Selain kesehatan fisik, ASI juga berpengaruh pada kecerdasan. Bayi yang memperoleh ASI memiliki
tingkat pemahaman terhadap sesuatu lebih baik. Proses pemberian ASI juga meningkatkan kepercayaan
diri anak. Semua keuntungan ini tidak akan diperoleh bayi yang tanpa ASI.

Ibu sendiri juga mengalami kerugian bila tidak memberikan ASI. Karena menyusui sebetulnya tabungan
kesehatan ibu di masa mendatang. Menyusui mengurangi risiko osteoporosis, diabetes melitus dan
hipertensi. Mengurangi risiko hipertensi otomatis juga meminimalkan risiko penyakit kardiovaskuler,
seperti jantung, stroke dan kanker.
Ibu juga akan kehilangan keampuhan dari sel Hamlet, Human Alpha-lactalbumin Made Lethal to Tumor
Cells, di dalam ASI. Penelitian menemukan makin panjang durasi ibu menyusui, semakin banyak pula
tabungan sel Hamlet di dalam tubuh ibu.

Sel Hamlet mampu membunuh 40 macam sel ganas sel secara spesifik tanpa mengganggu sel sehat. Sel
ini dapat digunakan untuk meningkatkan efektivitas obat terhadap bakteri berbahaya dan kebal obat.
Berbeda dengan obat kemoterapi pada pasien kanker, yang mana tidak hanya membunuh sel kanker tapi
juga sel sehat. Itulah mengapa setelah menjalani kemoterapi, pasien mengalami rambut rontok dan kulit
kering.

“Penelitian ini di berbagai negara, di Indonesia juga datanya sedang kami kumpulkan, bahwa ibu
menyusui risiko kena kanker, seperti kanker payudara dan kanker indung telur, lebih kecil,” kata Wiyarni.
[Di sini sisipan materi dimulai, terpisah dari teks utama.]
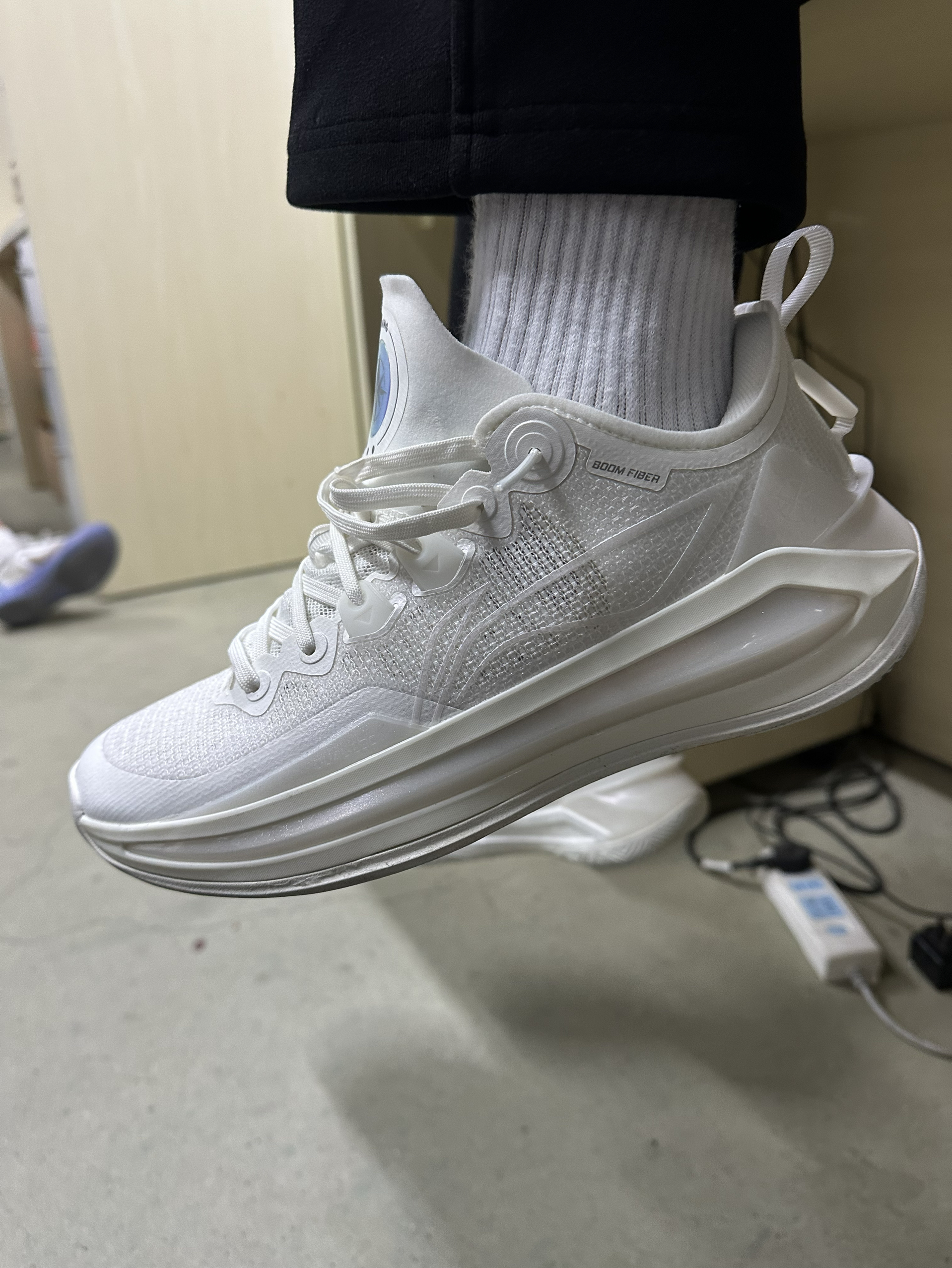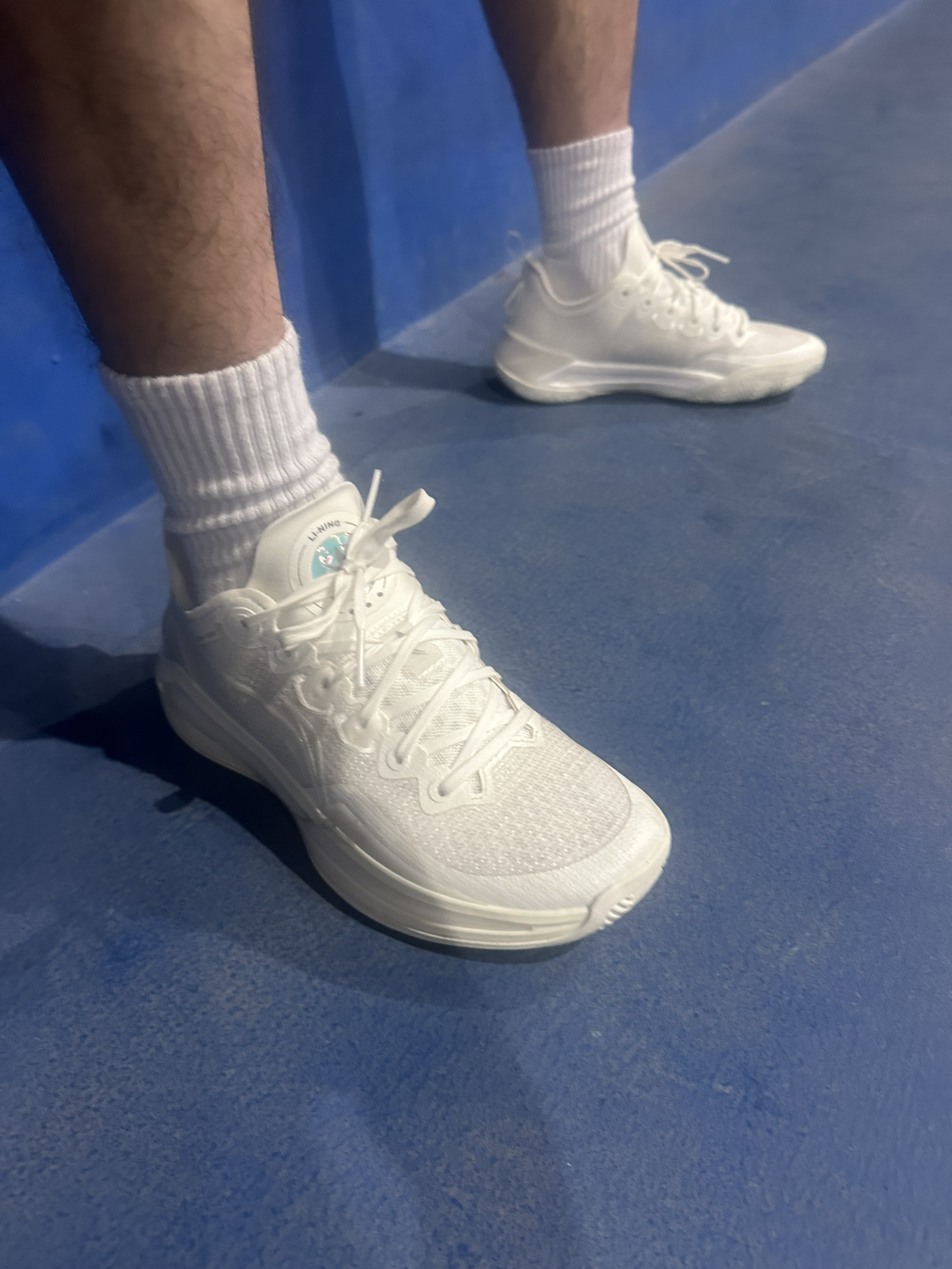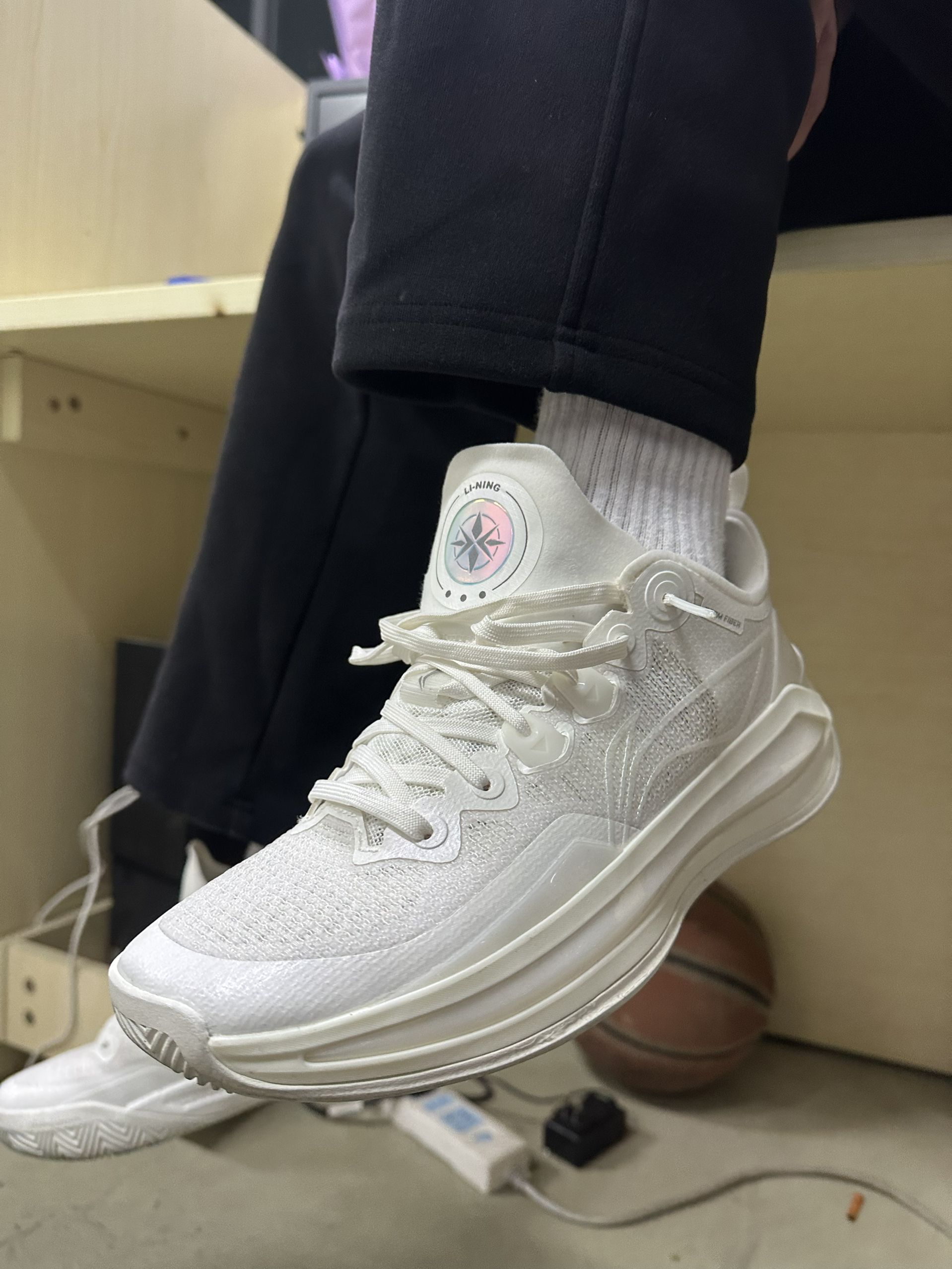 今天在学校打球上脚体验了一下李宁利刃3V2篮球鞋,外观白色简约高级,锋利鞋型搭配精致细节,半透明TPU层次丰富,色彩搭配清爽耐看上脚气场拉满。脚感体验超出预期,全掌䨻中底软弹适中,落地缓冲扎实,起跳回弹迅速,不软塌不生硬。低帮设计解放脚踝,灵活度拉满,动态飞线锁定到位,鞋面贴合不压脚,透气效果优秀。中足抗扭与防侧翻结构稳固,变向不晃、急停稳准,抓地耐磨表现在线。打球时快攻跑动轻便无负担,颜值能打、...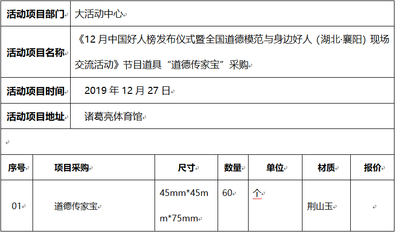 《12月中国好人榜发布仪式暨全国道德模范与身边好人(湖北·襄阳)现场交流活动》,是由襄阳市精神文明办主办,襄阳广播电视台承办的活动,现就 该项活动其中的节目道具“道德传家宝” 面向社会公开采购。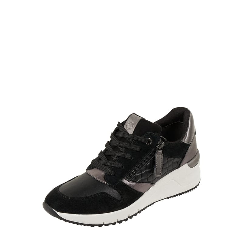 Sneakersy damskie Tamaris , Skóra i materiał tekstylny, Zaokrąglony czubek , Sznurowanie , Metaliczne detale , Gumowa podeszwa , Wbudowany koturn, Wyciągana wkładka , Wysokość podeszwy w rozmiarze 39: 4 cm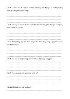 + Mô hình điện mặt trời. II. Câu hỏi ôn tập 1. Tự luận.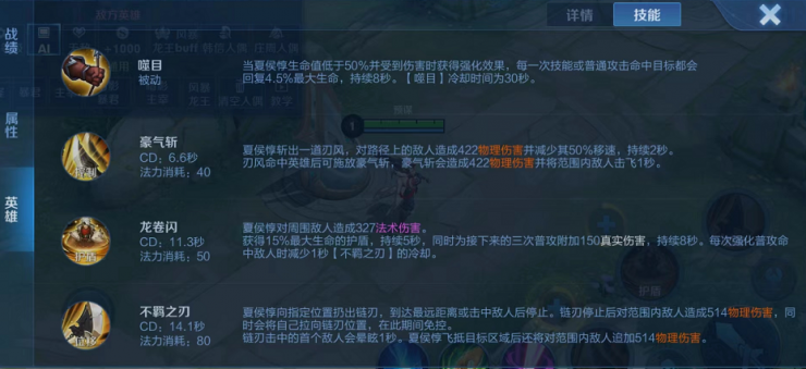 夏侯惇生命值低于50%并受到伤害时,每次普攻和技能命中都会回复自身血量,持续8秒。冷却时间30秒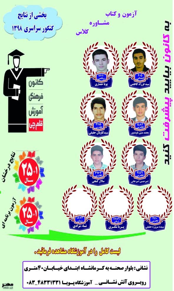 رتبه های برتر کنکور 98 در نمایندگی کرمانشاه را در زیر مشاهده کنید ....
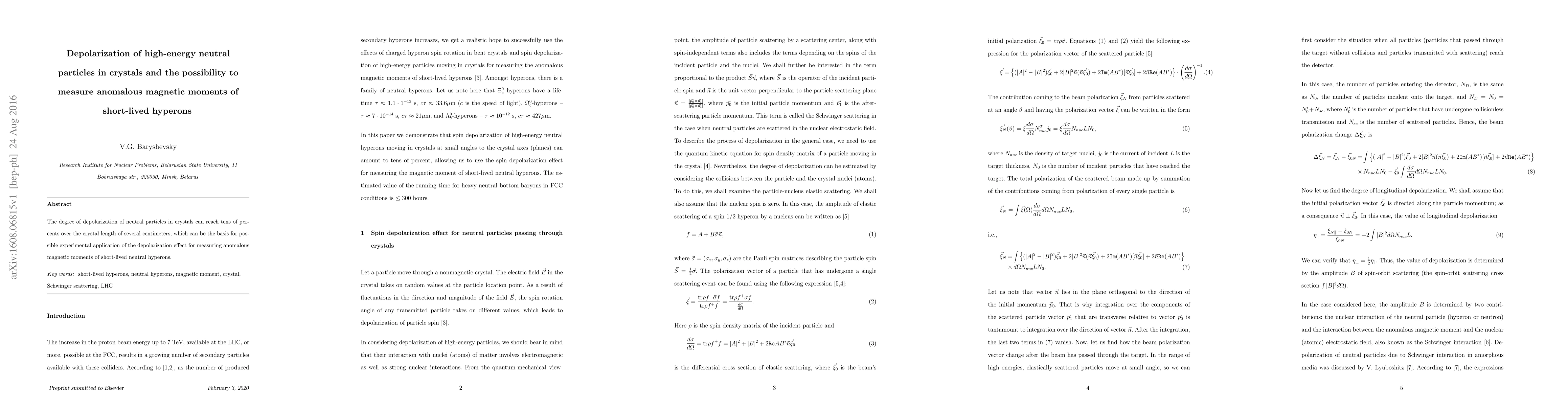This paper explores the significant depolarization of high-energy neutral particles in crystals, suggesting it could enable experimental measurement of anomalous magnetic moments of short-lived hyperons. The depolarization effect, observed over several centimeters in crystal length, presents a promising method for such measurements.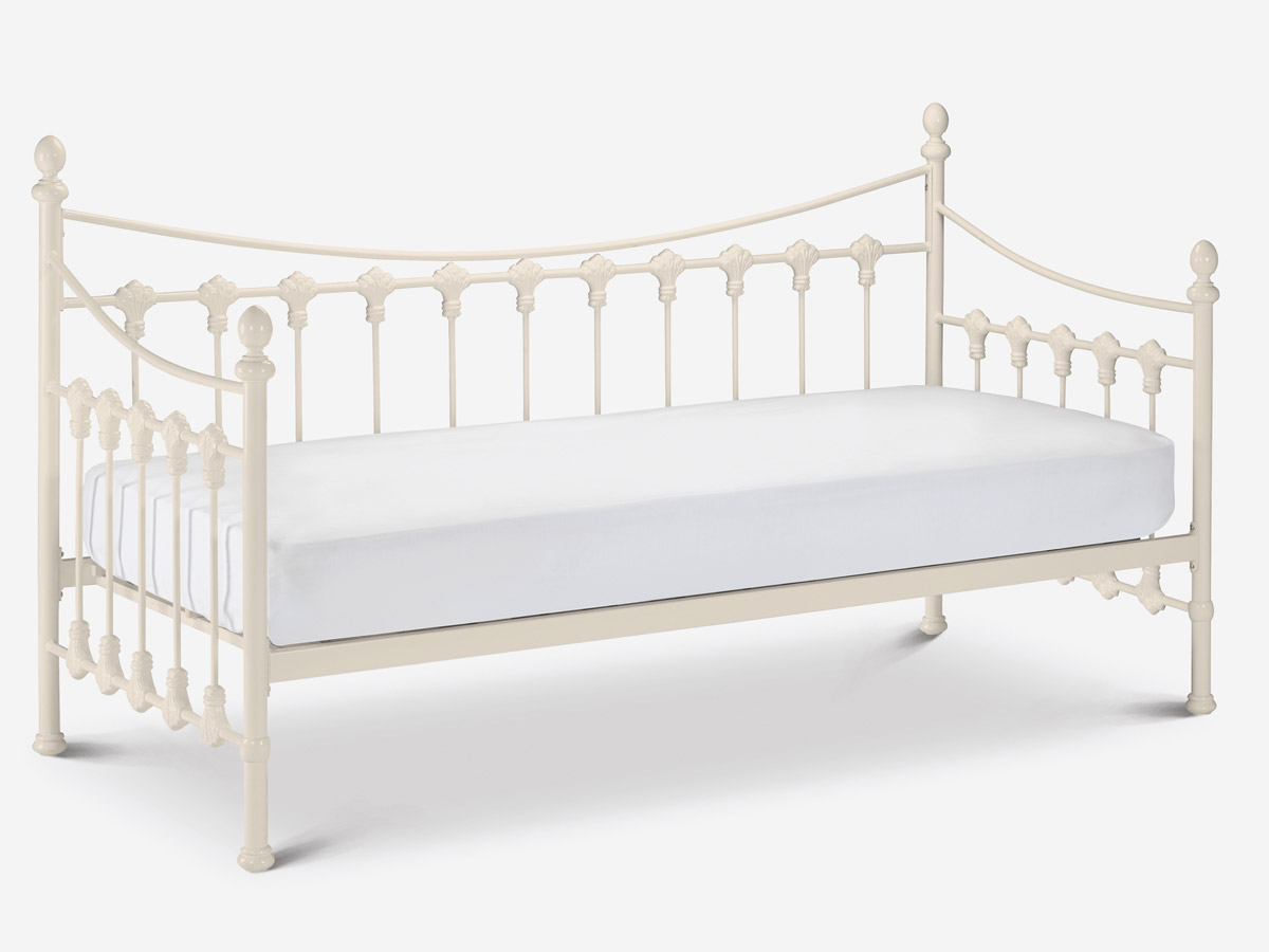 An elegant interpretation of a great classic design offering a full 90cm sleeping or sitting space. Finished in a stone white eggshell textured lacquer and incorporating a sprung slatted base for aded comfort and prolonged mattress life. Versailles is a beautiful daybed that fits beautifully in any setting, from living room to conservatory, as a functional guest bed and even as a charming children’s bed.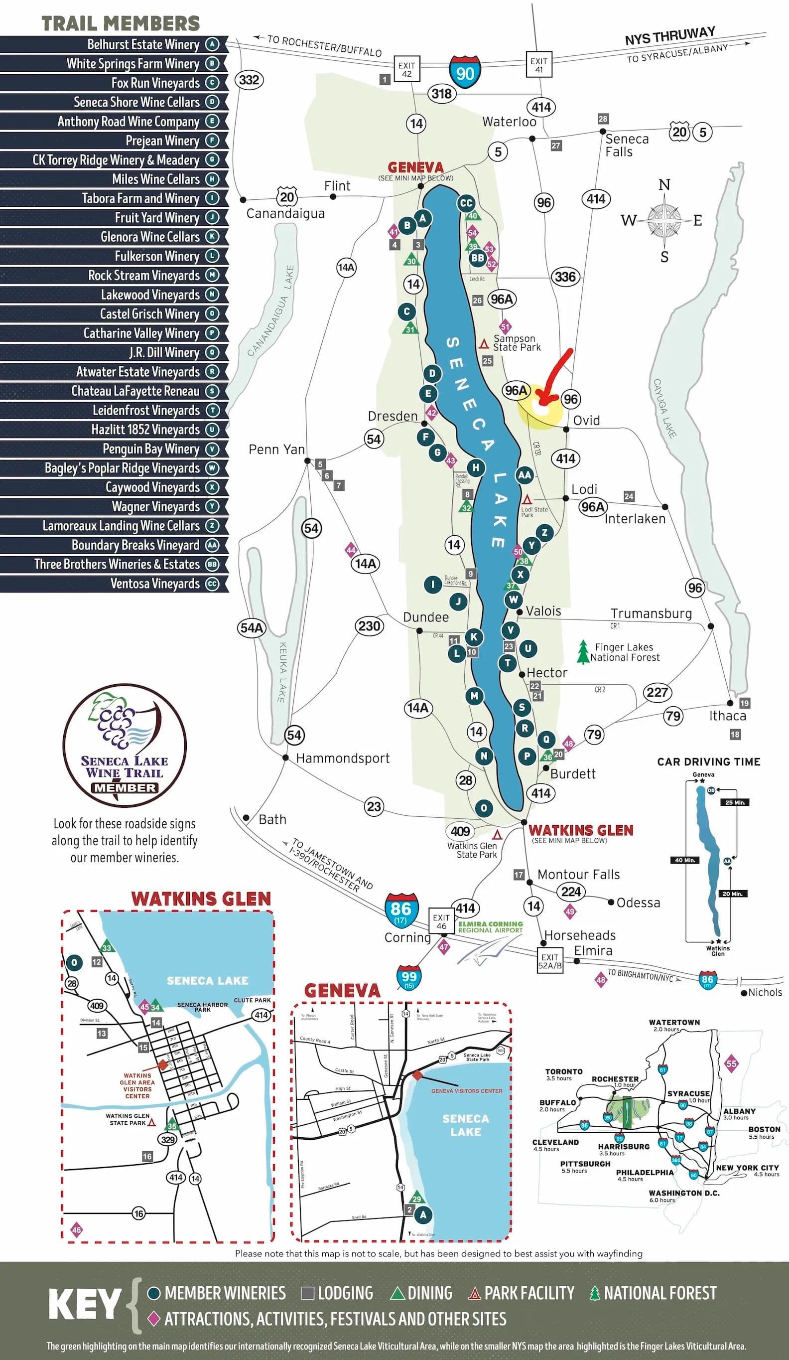 Located along State Route 96A with over 4,000 feet of road frontage and a 3,300 average daily traffic count, this property sits just one mile from Seneca Lake and two miles from the Village of Ovid. With extensive field tilling already in place, the soil is well-prepared for agricultural production or future development. Situated within the path of the Seneca Lake Wine Trail, it offers proximity to over 50 wineries, breweries, and distilleries across the region. Nearby destinations include Sampson State Park, Amish markets, golf courses, the Seneca lakeshore trail, and the scenic Finger Lakes National Forest offering over 16,000 acres of public land to explore.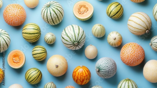 Creative pattern made of melons on pastel blue background illustration , no logos, no brands

Meskipun manfaat ASI begitu besar, ternyata tidak semua anak mendapatkannya. Beberapa kendala,
seperti produksi ASI kurang sebetulnya bisa diantisipasi.

Wiyarni mengatakan, banyak ibu mengeluh ASI tidak keluar. Sebetulnya itu hanyalah sindrom ASI kurang.
Karena ternyata dari 100 ibu yang mengeluh ASI kurang, hanya 1 persen di antaranya yang benar-benar
tidak bisa memproduksi ASI karena kendala anatomis atau masalah di payudara, misalnya kelenjar susu
tidak terbentuk sebanyak wanita normal, operasi plastik atau pernah mengalami trauma pada payudara,
sehingga tidak berfungsi dengan baik.

Tetapi, 90 persen ibu lainnya hanya mengalami sindrom ASI Kurang. Artinya bukan ASI yang kurang, tapi
proses sampai ke ASI itu menjadi kurang lancar karena tidak terfasilitasi dengan baik. Misalnya, tidak
melakukan Insiasi Menyusui Dini (IMD), yaitu proses membiarkan bayi di dada ibu dengan nalurinya
sendiri menyusu dalam 1 jam pertama setelah lahir.

IMD terbukti membuat proses menyusui 8 kali lipat lebih sukses. Karena setelah proses IMD, hornom ibu
mengalami transformasi dari tubuh seorang wanita hamil ke tubuh ibu menyusui.
Selain IMD, minta rawat gabung ibu dan bayi dalam satu kamar. Sehingga ibu sesering mungkin
merengkuh dan menyusui bayi ketika dibutuhkan. Ini penting karena pada 72 jam atau 3 hari pertama
adalah fase laktogenesis yang menentikan apakah produksi ASI selanjutnya lancar atau tidak.